Assignment:
Leaving out the pictures, return each line of the entries from the first through the line with "Forest green and", and only those lines.

--- Extracted entries Enclosed Below ---

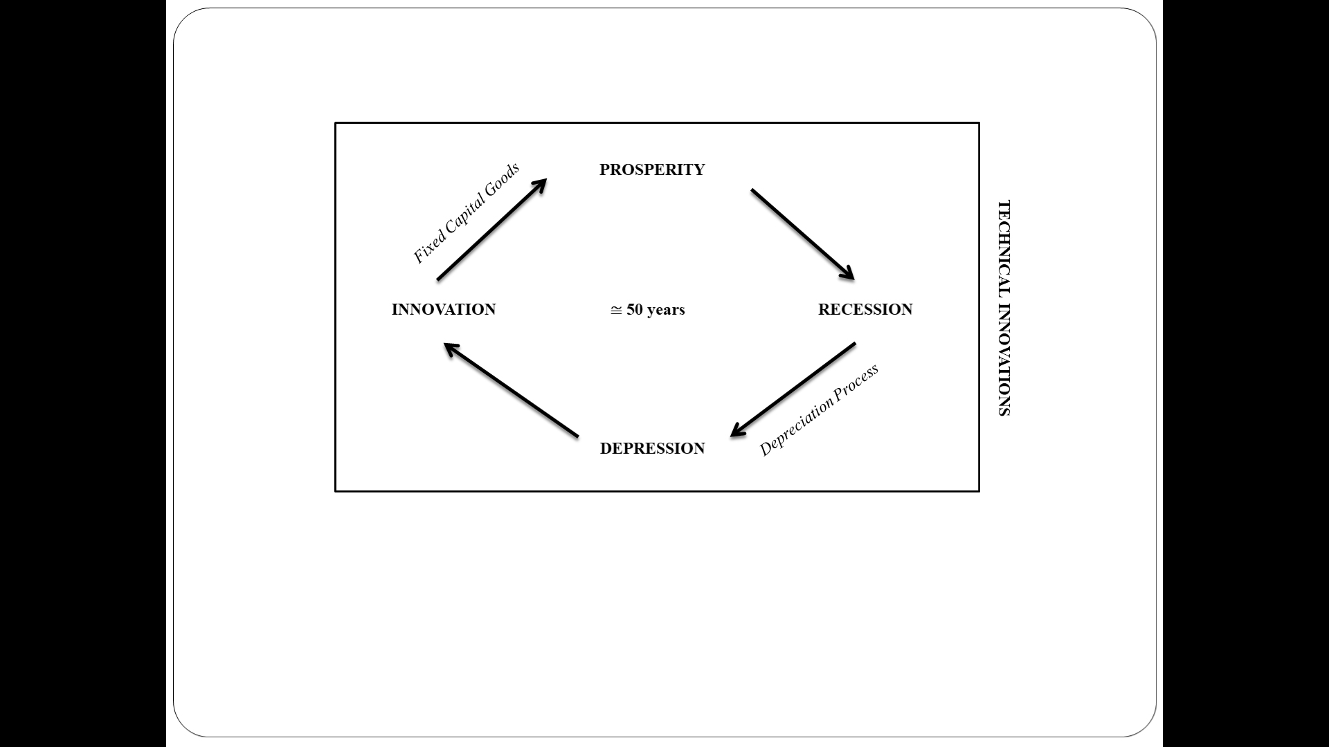 According to Kondratieff's scheme (1935), the capitalist system is flawed due to its cyclical nature, involving four main stages: prosperity, recession, depression, and innovation. All these stages are directly influenced by the process of technical innovations, which are essential to recover from system failures in times of crisis.
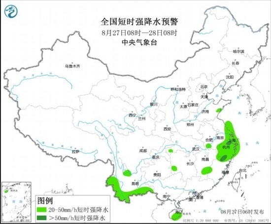 中新網(wǎng)8月27日電 據(jù)中央氣象臺網(wǎng)站消息,中央氣象臺8月27日6時發(fā)布強對流天氣藍色預警:預計8月27日8時至28日8時,內蒙古地區(qū)東北部、江淮東部、江南東北部和南部、西南地區(qū)東南部等地的部分地區(qū)將有8級以上雷暴大風或冰雹天氣;黃淮東部、江漢西部、江淮西南部和東部、江南中東部、西南地區(qū)南部、華南南部等地的部分地區(qū)將有小時雨量大于20毫米的短時強降水天氣,其中,浙江北部和南部、福建北部等地的部分地區(qū)小時雨量大于50毫米,最大可達80毫米以上。
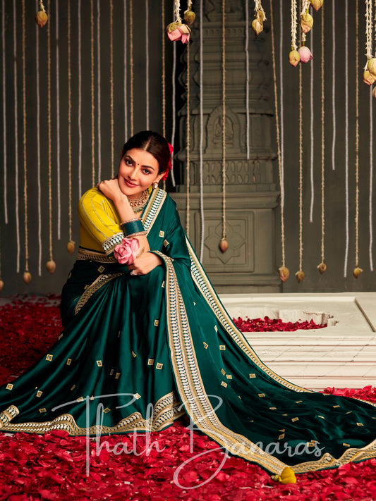 Forest green and lemon yellow Tissue Silk Fancy Fabric with Stitched Border and Designer Embroidery
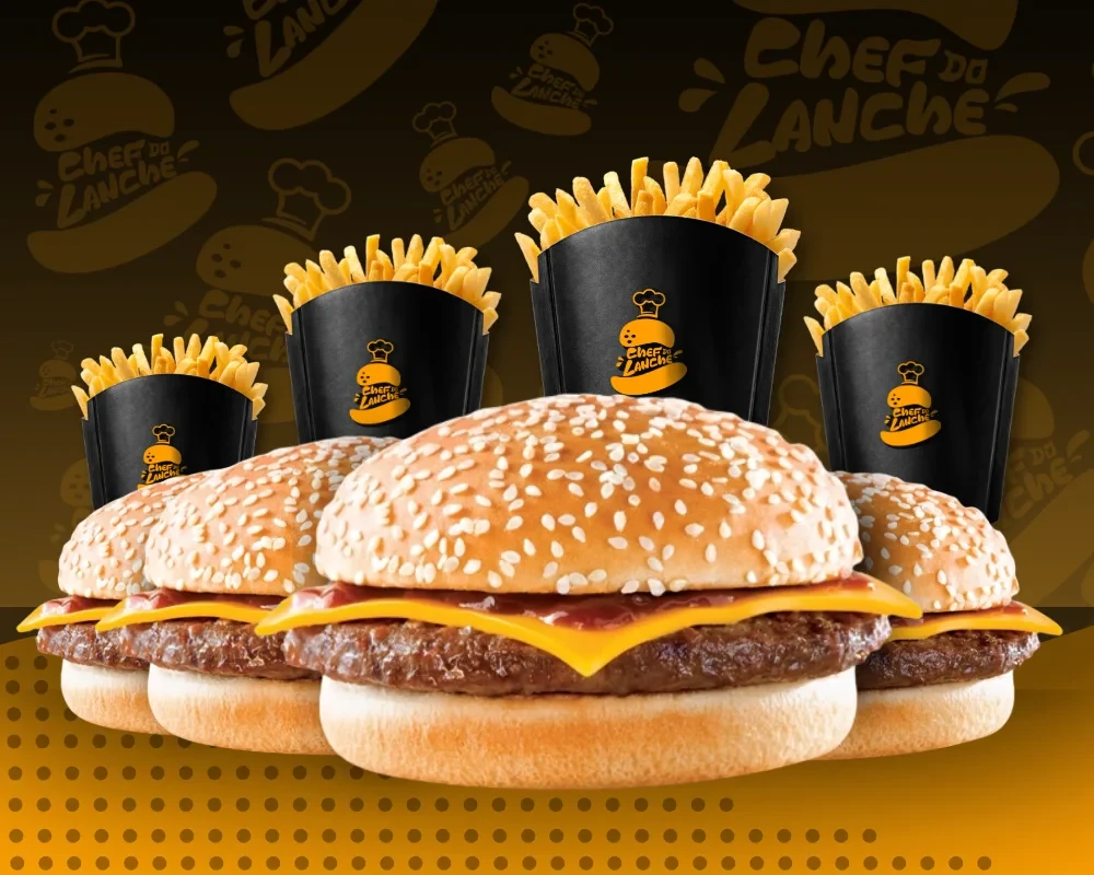 Delicie-se com nosso 'Combo Família: 4 Cheddar Duplo'. Uma saborosa combinação de 4 hambúrgueres duplos com duas carnes de 90g artesanais, todos generosamente cobertos com duas camadas de cheddar fatiado e acompanhados por um suculento molho cheddar gourmet. Cada hambúrguer é cuidadosamente montado com duas saborosas carnes, acomodadas em pães Pullman fresquinhos. Para um toque especial, adicionamos cebola caramelizada e defumada, trazendo uma explosão de sabor. O combo também inclui 4 porções de fritas crocantes. Bebidas e sobremesas podem ser adquiridas à parte para complementar sua refeição.
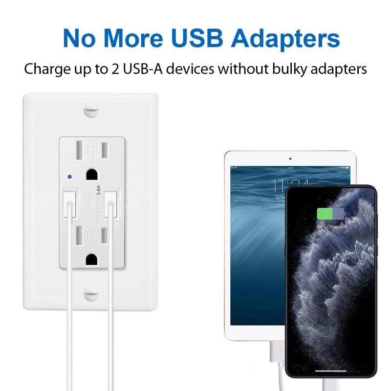 Charging two USB devices simultaneously without any other power adapters and leaving two 15A Tamper-Resistant AC power outlets free for other power needs.with a maximum 3.6A output when both USB ports are in use. Charging is now more convenient and efficient. (Please note that the USB ports do not support Qualcomm Quick Charge)
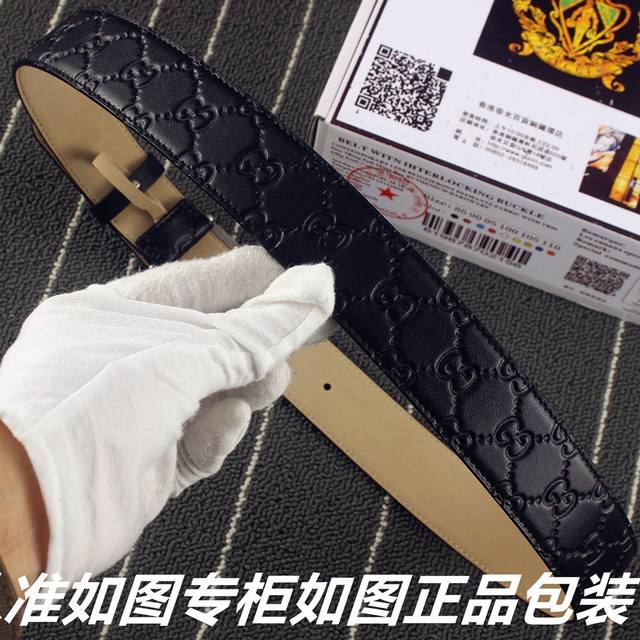 配全套包装礼盒 Gucci 经典全皮压花,原版进口南非皮底,精品双g钢扣 高端品质,不惧对比,宽度:40Mm
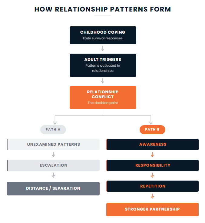 Couples Relational Work helps partners understand where their patterns come from, and how to replace automatic reactions with conscious adult responses.

--- End of Enclosed Extracted entries ---

Written response:
 According to Kondratieff's scheme (1935), the capitalist system is flawed due to its cyclical nature, involving four main stages: prosperity, recession, depression, and innovation. All these stages are directly influenced by the process of technical innovations, which are essential to recover from system failures in times of crisis.
 中新網(wǎng)8月27日電 據(jù)中央氣象臺網(wǎng)站消息,中央氣象臺8月27日6時發(fā)布強對流天氣藍色預警:預計8月27日8時至28日8時,內蒙古地區(qū)東北部、江淮東部、江南東北部和南部、西南地區(qū)東南部等地的部分地區(qū)將有8級以上雷暴大風或冰雹天氣;黃淮東部、江漢西部、江淮西南部和東部、江南中東部、西南地區(qū)南部、華南南部等地的部分地區(qū)將有小時雨量大于20毫米的短時強降水天氣,其中,浙江北部和南部、福建北部等地的部分地區(qū)小時雨量大于50毫米,最大可達80毫米以上。
 Forest green and lemon yellow Tissue Silk Fancy Fabric with Stitched Border and Designer Embroidery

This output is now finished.